Using Ambient Noise Tomography and Machine Learning Techniques to Track Groundwater Levels across Western Montana
For western Montana’s irrigation, municipal water supply, and industrial use, groundwater is vital. However, sparse monitoring wells and geophysical techniques with relatively low temporal or spatial resolutions have limited current groundwater monitoring. Because seismic velocity is sensitive to groundwater fluctuations, this project proposes using ambient noise tomography and machine learning methods to analyze the relationship between daily changes in groundwater levels and daily variations in seismic velocity at monitoring well locations. By analyzing these patterns, the project aims to estimate changes in groundwater levels and storage across the region based on seismic velocity variations observed between monitoring wells. This project will use broadband seismic data from the Montana Regional Seismic Network (MRSN) and groundwater level data from the Ground Water Information Center (GWIC). Ultimately, this research will provide continuous, cost-effective, non-invasive groundwater monitoring with improved spatial coverage, contributing to the sustainable management of water resources in western Montana.

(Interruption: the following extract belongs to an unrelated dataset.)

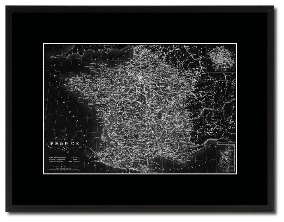 France Paris Vintage Monochrome Map Canvas, 16"x21"
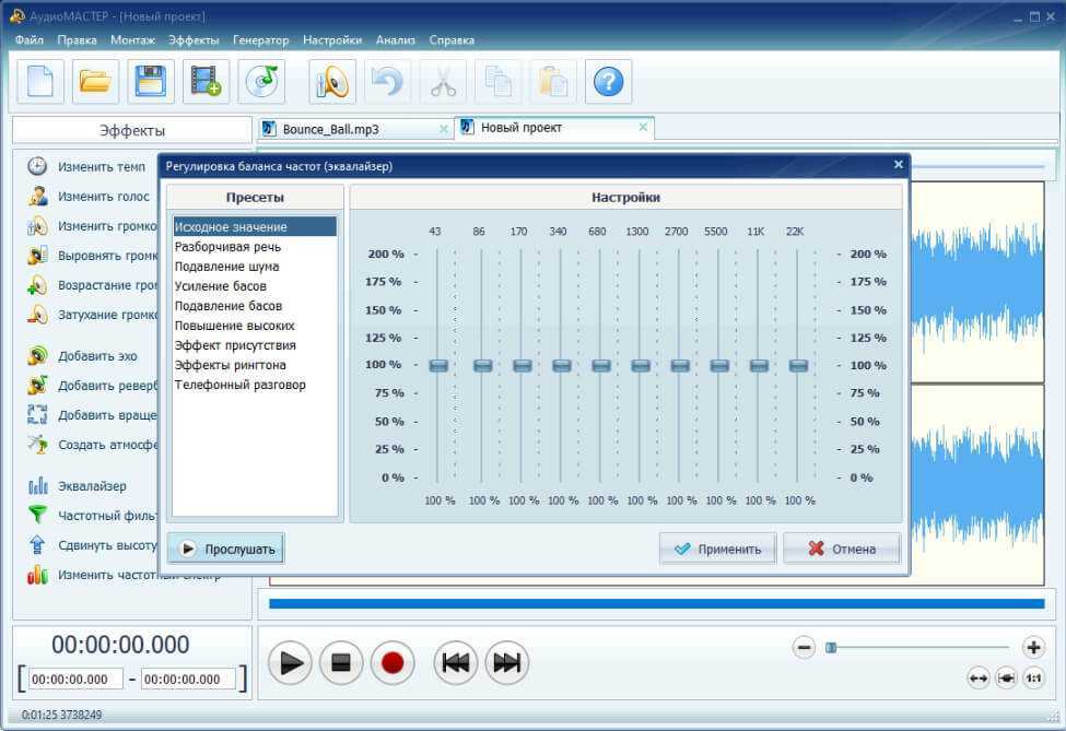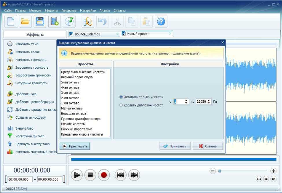 Производим частотную обработку в АудиоМАСТЕРЕ

Dr. Muchen Sun is an Assistant Professor in the Department of Geological Engineering at Montana Technological University. Dr. Sun’s research focuses on investigating the structure and dynamics of the crust and mantle in active regions, such as continental rifts, faults, volcanoes, and subduction zones, using passive seismological methods like receiver functions, shear wave splitting, and seismic tomography. Additionally, his research involves microseismic monitoring during hydraulic fracturing processes in unconventional oil and gas development, seismic signal analysis, and 3-D seismic data interpretation during oil and gas exploration.